From reading the foregoing, it seems safe to conclude that any investor can succeed merely by dumping money in an S&P 500 index fund and forgetting about it. A lot of folks apparently thought this way and the result was the massive bubble stock market of the late 1990s. If everyone wants to buy something the price of that thing will go up. The Dow went from less than 2000 in 1987 to nearly 12,000 in 2000. Were American companies really worth 6 times as much 13 years later? Historical price-earnings ratios for common stocks have averaged 15. At the peak of the late 1990s bubble, P/E ratios reached 42. With the Dow at 8000 (July 2002) the ratio is about 25, i.e., an investor is paying $25 for every expected $1 in corporate earnings. This would seem to limit the expected return in a common stock to 4% per year.

Making matters worse is the fact that corporate managers and accounting firms have been fraudulently overstating earnings. The published P/E ratios are based on the lies that CEOs and CFOs tell investors, not the actual cash coming into companies' bank accounts.

A deeper problem than fraudulent reporting is managerial theft. Investors have accounting firms and the SEC to protect them but the top managers have their hands on the company checkbook and their friends on the Board of Directors. In the old days if a company did well the managers would send a letter to shareholders: "The economy was booming last year and Blatzco prospered; your dividend is being doubled." In the 1980s and 1990s a more typical response to a boom year was management saying "Blatzco did well because we're such geniuses; we are going to take home all of the improved profit in the form of bonuses and stock options." Jack Welch in Straight from the Gut proudly states that during his 20 years as General Electric CEO the "employees", by which he means himself and some other top managers, went from 0% to 31% ownership of GE. Rephrased, Jack and his golf partners stole 31% of GE from the investors who owned the company in 1980. What's more, thanks to accounting rules that enable unlimited stock option grants without any charge to earnings, none of this had to be reported in financial statements. My cousin used to be an animator at Walt Disney. In the old days of Hollywood a boom and bust cycle of profits was to be expected. It is tough to predict whether a movie will be a hit. But after Michael Eisner joined the company in 1984 successes were attributed to superior management rather than luck. Eisner helped himself to more than $1 billion of the shareholders' money over the years.

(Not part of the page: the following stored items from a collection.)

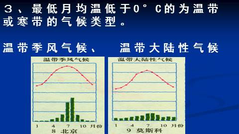 3、最低月均温低于0XXXXXC的为温带或寒带的气候类型。
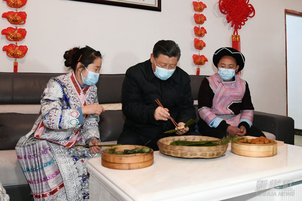 2021年2月3日至5日,習近平來到貴州考察調(diào)研,看望慰問各族干部群眾,向全國各族人民致以美好的新春祝福。這是3日下午,習近平在畢節(jié)市黔西縣新仁苗族鄉(xiāng)化屋村苗族村民趙玉學家,同趙玉學一家邊聊家常邊制作當?shù)貍鹘y(tǒng)節(jié)日食品黃粑。
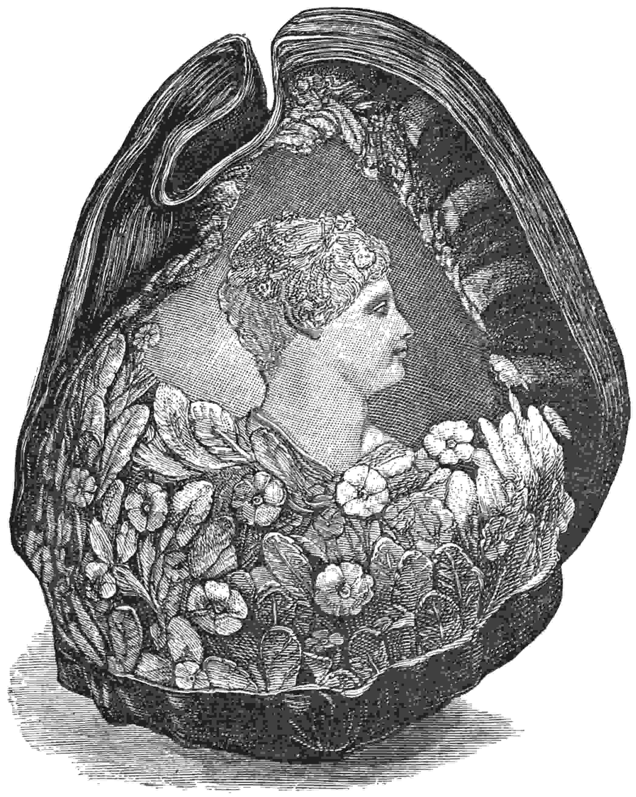 The colour of the ground in these shells varies from pink and orange to an absolute black: this is called the Black Helmet (Cassis Tuberosa), and comes from the West Indian Seas. The shell with a pink ground is called the Queen Conch (Strombus Gigas), and is also brought from the West Indies. A favourite variety is the Bull’s Mouth (Cassis Rufa), found in the East Indian13 Seas, which has a sard-like ground. Another class is the Horned Helmet (Cassis Cornuta), which is brought from Madagascar; in this the ground is dark claret in colour. Occasionally shells are made use of having three layers, the upper, always dark-coloured, serving for the hair, or a wreath, or for armour; the second layer, which is always white, is used for carving the figure; and the third layer is the ground.
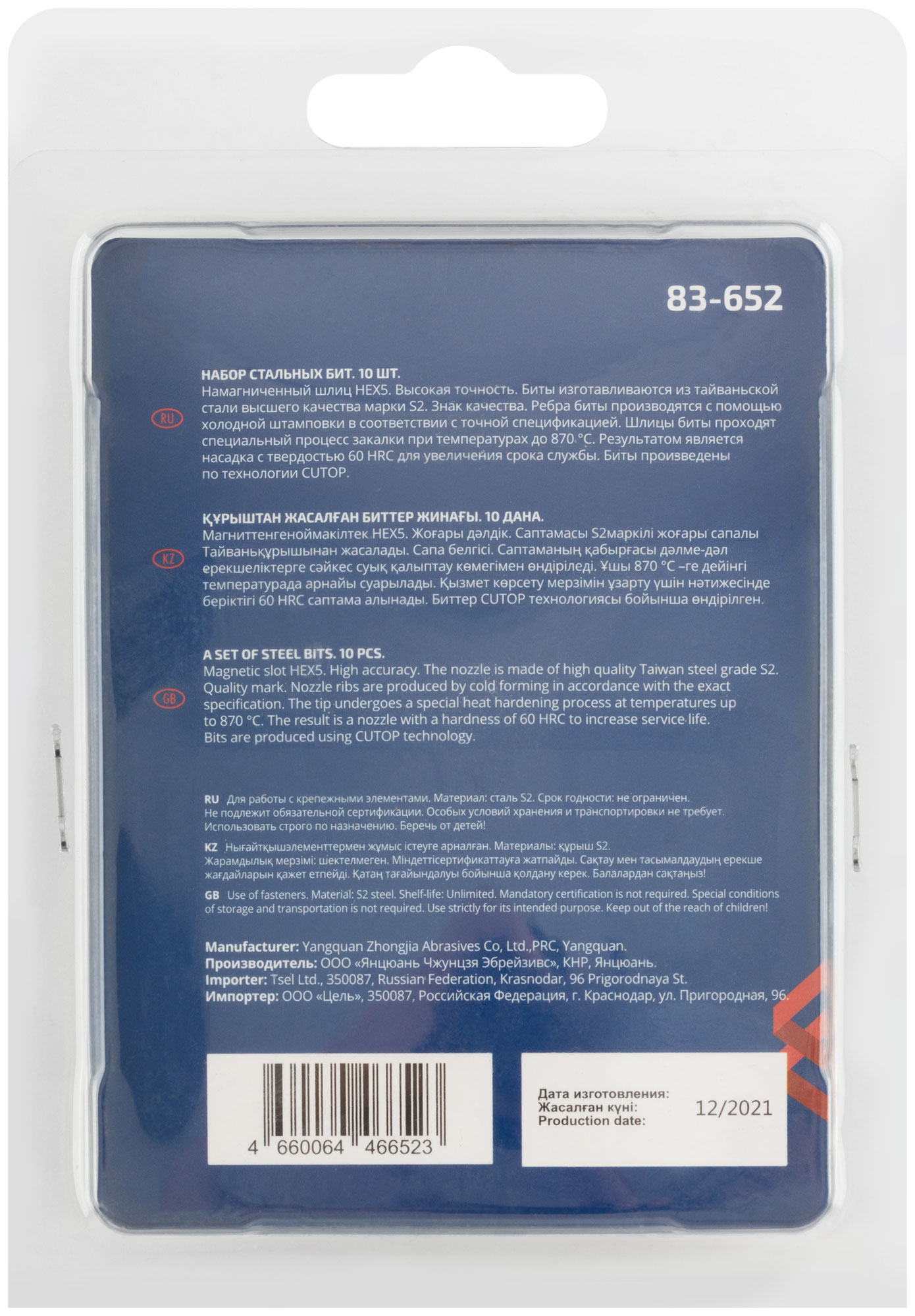 Биты изготовлены из тайваньской стали высшего качества марки S2. Их ребра произведены с помощью холодной штамповки, а кончик проходит специальный процесс закалки при температуре до 870°C. Это обеспечивает твердость 60 HRC и увеличенный срок службы.
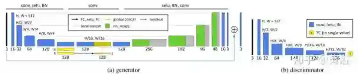 如图是GAN的生成器和鉴别器架构。生成器器基于U-Net,但添加全局特征。为了提高模型效率,全局特征的提取与U-Net的收缩部分共享前五层局部特征的提取。每个收缩步骤包括5×5滤波、步幅为2、SELU激活和BN。对全局特征来说,假定第五层是32×32×128特征图,收缩后进一步减小到16×16×128然后8×8×128。通过全连接层、SELU激活层和另一个全连接层,将8×8×128特征图减少到1×1×128。然后将提取的1×1×128全局特征复制32×32个拷贝,并和低级特征32×32×128之后相连接,得到32×32×256特征图,其同时融合了局部和全局特征。在融合的特征图上执行U-Net的扩展路径。最后,采用残差学习的思想,也就是说,生成器只学习输入图像和标注图像之间的差异。
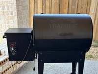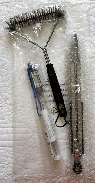 Polyester, black, hook and loop closure, 52”x24”x44”. Includes tongs, thermometer, and brush NEVER USED that accompanied purchase. Currently sold on Amazon for $40.
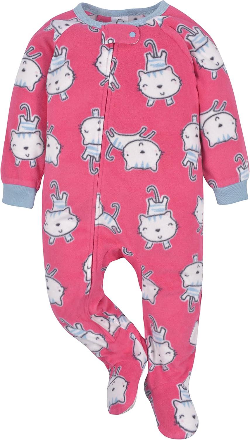 Gerber Baby Girls’ Toddler Loose Fit Flame Resistant Fleece Footed Pajamas 2-Pack(Tigers Pink)
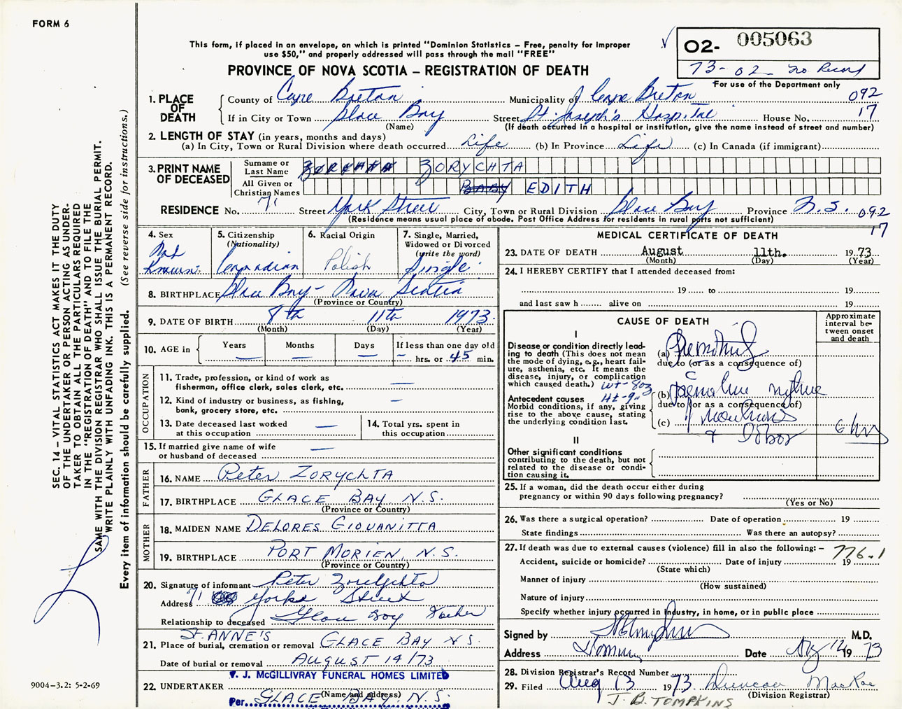Female Death Registration: Year: 1973 number: 5063
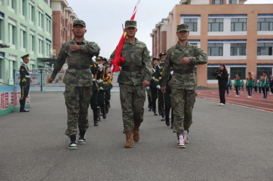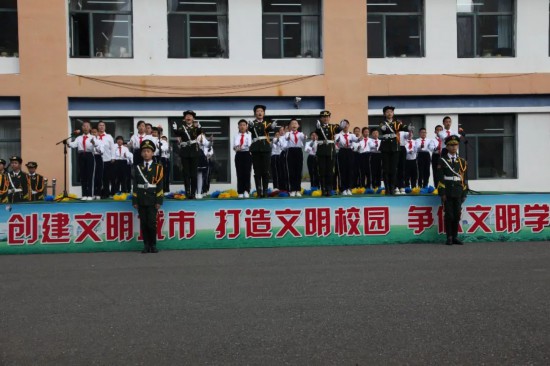 活動中,全校731名師生莊嚴肅立,3名吉行軍志愿服務隊隊員和13名城西小學學生組成國旗護衛隊,邁著鏗鏘有力、整齊劃一的步伐,護送國旗升旗手來到了旗桿下,在雄壯的《義勇軍進行曲》中,將鮮艷的五星紅旗冉冉升起。
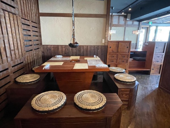 店内には、八丈島の暮らしに寄り添うような民藝家具が揃えられ、素朴であたたかみのある空間が広がります。テーブルや八丈タンスなども、店舗の雰囲気に合わせて特注をしたこだわりの品々です。店内の照明もあえて暗めに抑え、落ち着きのある空間を演出しています。他店舗とは異なる静かな灯りのなか、どこか懐かしく、心が和む雰囲気が漂います。
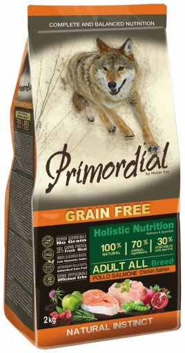 El pienso de Primordial para perros con Pollo y Salmón es un alimento de muy alta calidad con un 35% de salmón fresco. La destacable cantidad de proteína animal lo convierten en un alimento ideal, al proporcionarle al perro una proteína con los aminoácidos que necesita y que no están presentes en otros pienso con predominancia de proteína vegetal.
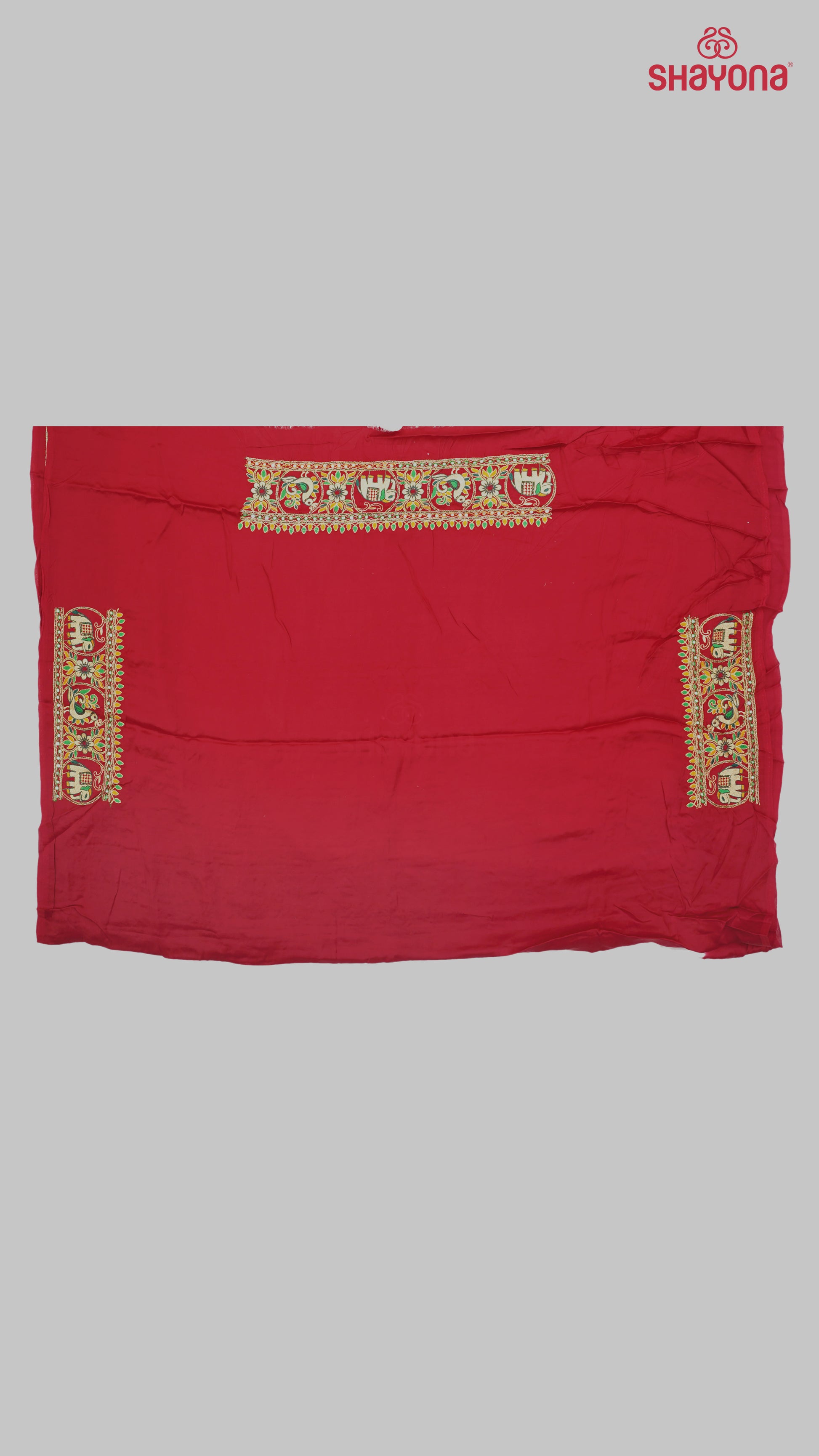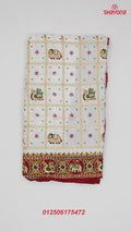 Intricately hand-embroidered, the saree features heavy embroidery work of buttis and buttas woven into gala-style checks, embellished with figures of Bride-Groom performing Sindoordaan, Elephant, Sarnai, Dhol, and Tabla. Each motif adds a symbolic essence of Indian weddings, making this saree a heritage statement for bridal occasions, cultural events, and festive celebrations. The nakshi border and pallav enhance the saree’s grandeur with detailed artistry.
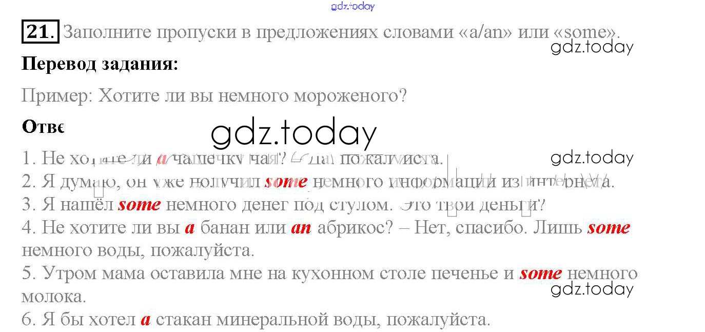 На страницах сайта gdz.today вы найдете учебный и вспомогательный материал, направленный на улучшения знаний школьной программы. ГДЗ - онлайн мир знаний Exercises Решение к Unit 1 21 Рабочей тетради по Английскому языку для 6 класса Биболетова, Денисенко Дрофа Enjoy English 2019
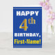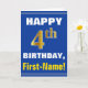 Negrita, azul, falso oro 4º cumpleaños con tarjeta
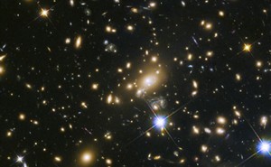 Flagstaff (USA) - Die größten Galaxien zeigen bereits im jungen Kosmos eine ähnliche Orientierung wie ihre Galaxienhaufen – die sich wiederum entsprechend der Materieverteilung in ihrer Umgebung ausrichten. Das zeigt die Beobachtung von 65 Galaxienhaufen im jungen Kosmos mit dem Weltraumteleskop Hubble durch ein internationales Forscherteam. Das deute darauf hin, dass die großräumige Struktur im Kosmos die Entstehung und Entwicklung der dominierenden Haufengalaxien entscheidend beeinflusst habe, so die Wissenschaftler im Fachblatt „Nature Astronomy“.

Thus when Disney ran into a string of flops the company didn't have enough cash to hang on until the next boom. Disney shut down its Los Angeles animation group and will use contract labor in Eastern Europe for future animated features.

It is tough to see how historically high rates of return on common stocks can be maintained in a world where managers steal most of the fruits that stem from the investors' capital.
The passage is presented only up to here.